Dataset excerpts
********
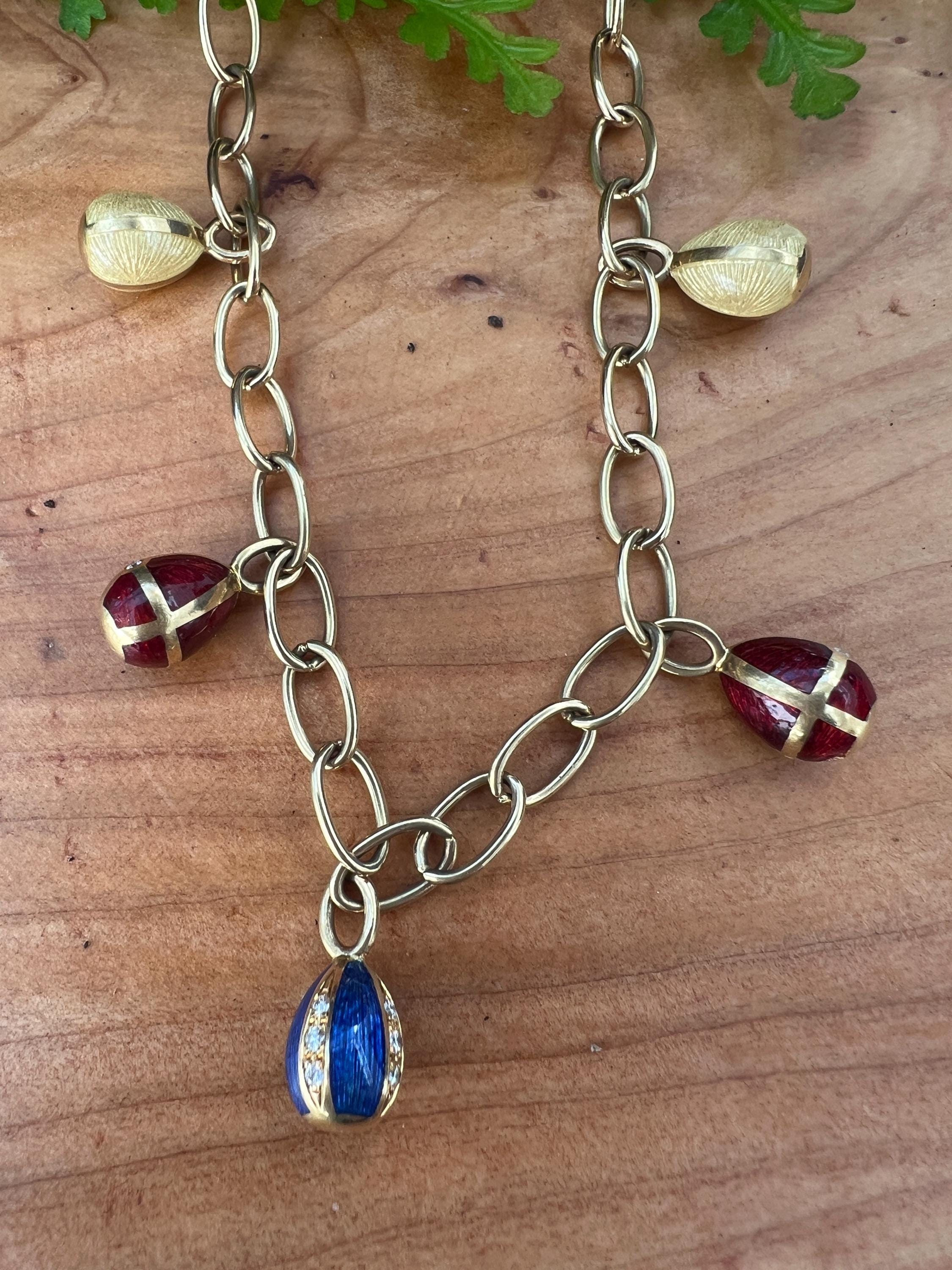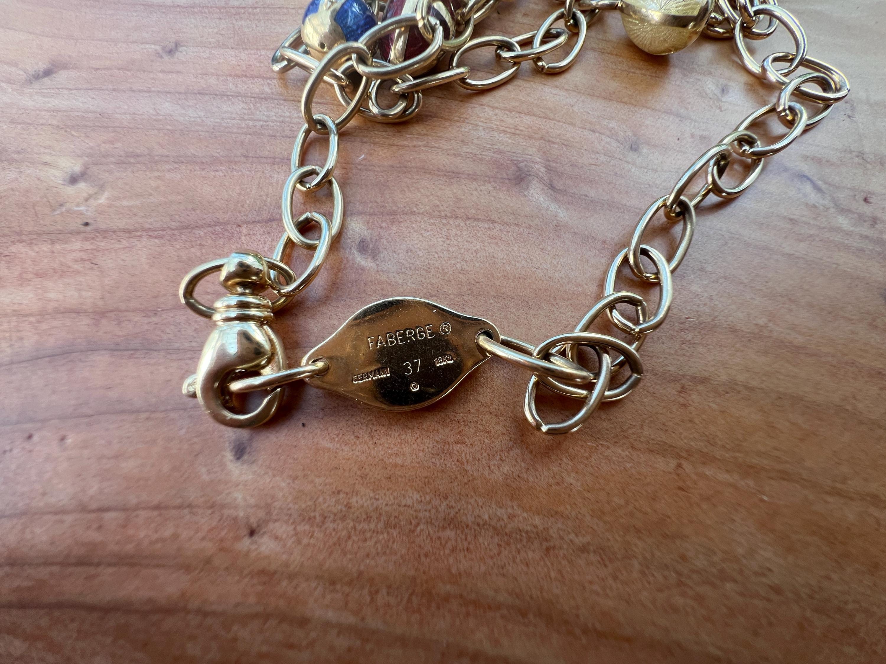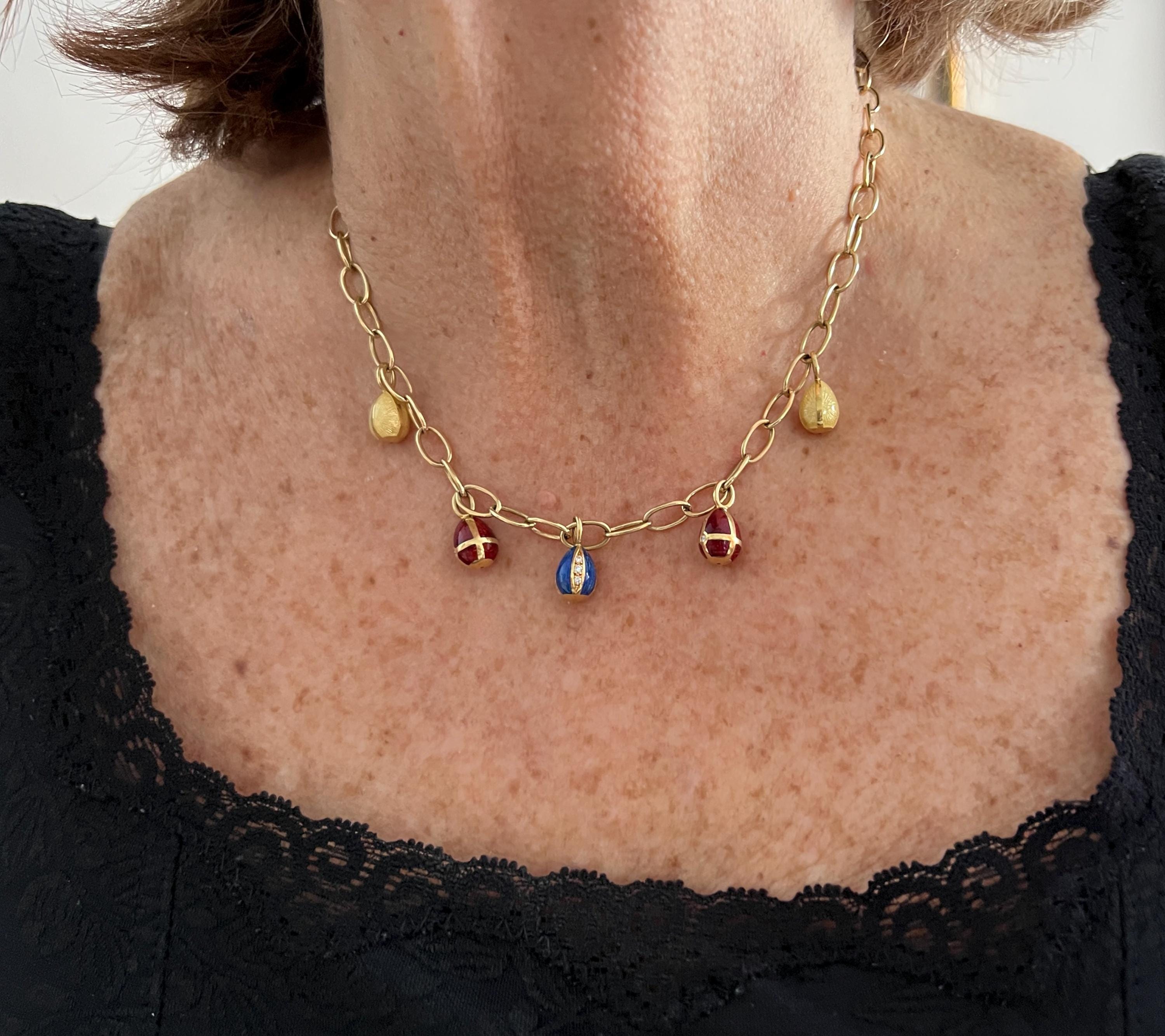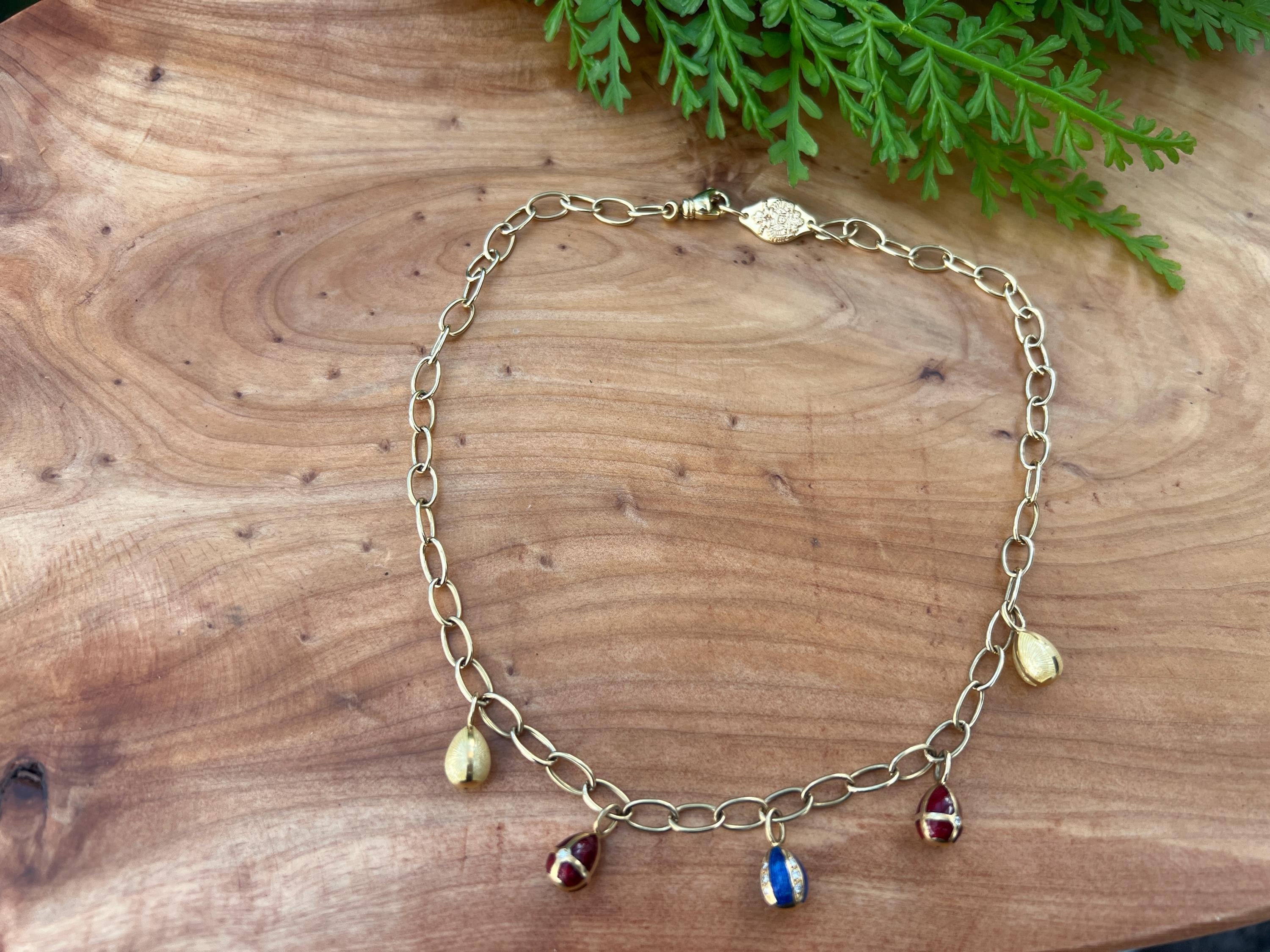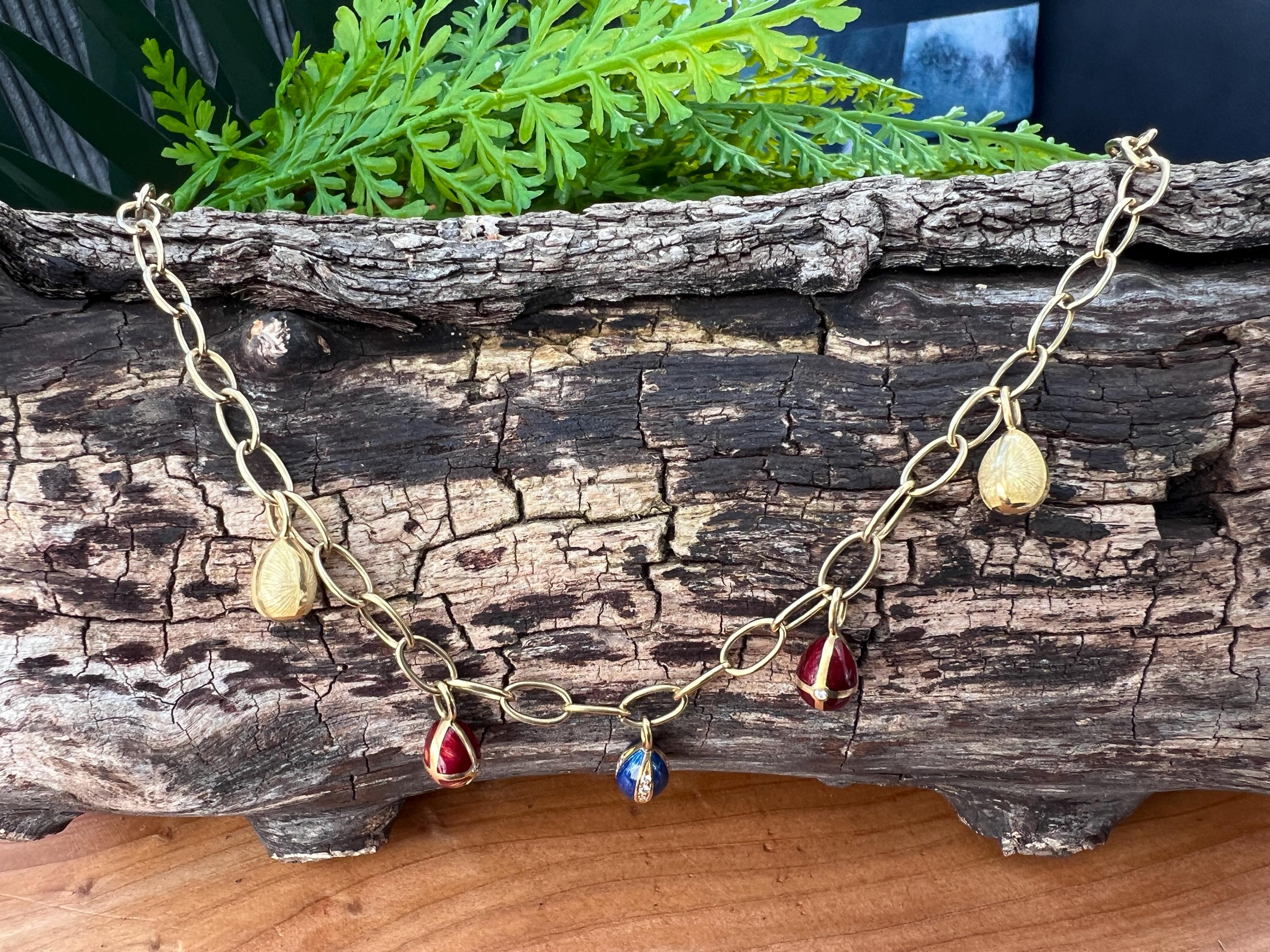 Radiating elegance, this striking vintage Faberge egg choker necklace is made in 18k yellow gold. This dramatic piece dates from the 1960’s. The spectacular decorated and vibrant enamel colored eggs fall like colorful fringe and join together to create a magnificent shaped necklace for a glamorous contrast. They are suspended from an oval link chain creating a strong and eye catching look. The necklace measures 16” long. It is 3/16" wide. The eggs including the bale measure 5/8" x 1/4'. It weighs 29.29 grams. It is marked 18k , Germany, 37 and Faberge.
********
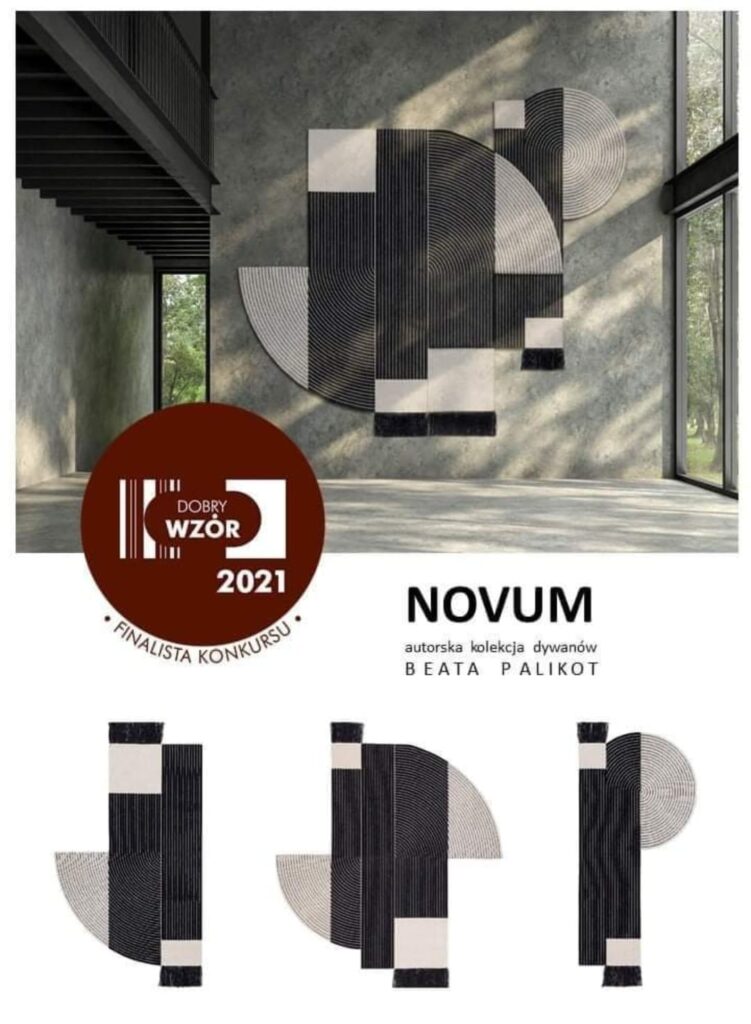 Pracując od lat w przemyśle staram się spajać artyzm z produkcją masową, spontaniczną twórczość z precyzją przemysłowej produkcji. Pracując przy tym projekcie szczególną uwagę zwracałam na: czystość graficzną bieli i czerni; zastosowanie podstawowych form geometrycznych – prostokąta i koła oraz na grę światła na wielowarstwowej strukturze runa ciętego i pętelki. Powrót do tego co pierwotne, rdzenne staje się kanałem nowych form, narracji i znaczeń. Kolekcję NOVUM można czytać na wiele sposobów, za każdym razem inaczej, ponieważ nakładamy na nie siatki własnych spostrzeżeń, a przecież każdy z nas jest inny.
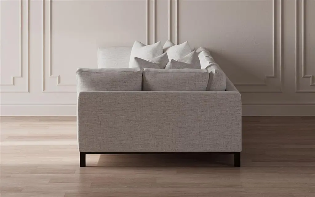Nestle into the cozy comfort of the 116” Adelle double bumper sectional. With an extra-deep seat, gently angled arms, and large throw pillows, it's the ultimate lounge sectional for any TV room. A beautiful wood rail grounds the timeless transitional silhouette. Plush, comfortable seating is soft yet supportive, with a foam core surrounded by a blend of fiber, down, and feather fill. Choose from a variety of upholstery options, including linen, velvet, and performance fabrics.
********
Problem details
In the material above, which lines fall between the one holding "Pracując od lat" and the one holding "Nestle into the", inclusive? Print exactly those, with the pictures left out.

Solution to this exercise
 Pracując od lat w przemyśle staram się spajać artyzm z produkcją masową, spontaniczną twórczość z precyzją przemysłowej produkcji. Pracując przy tym projekcie szczególną uwagę zwracałam na: czystość graficzną bieli i czerni; zastosowanie podstawowych form geometrycznych – prostokąta i koła oraz na grę światła na wielowarstwowej strukturze runa ciętego i pętelki. Powrót do tego co pierwotne, rdzenne staje się kanałem nowych form, narracji i znaczeń. Kolekcję NOVUM można czytać na wiele sposobów, za każdym razem inaczej, ponieważ nakładamy na nie siatki własnych spostrzeżeń, a przecież każdy z nas jest inny.
Nestle into the cozy comfort of the 116” Adelle double bumper sectional. With an extra-deep seat, gently angled arms, and large throw pillows, it's the ultimate lounge sectional for any TV room. A beautiful wood rail grounds the timeless transitional silhouette. Plush, comfortable seating is soft yet supportive, with a foam core surrounded by a blend of fiber, down, and feather fill. Choose from a variety of upholstery options, including linen, velvet, and performance fabrics.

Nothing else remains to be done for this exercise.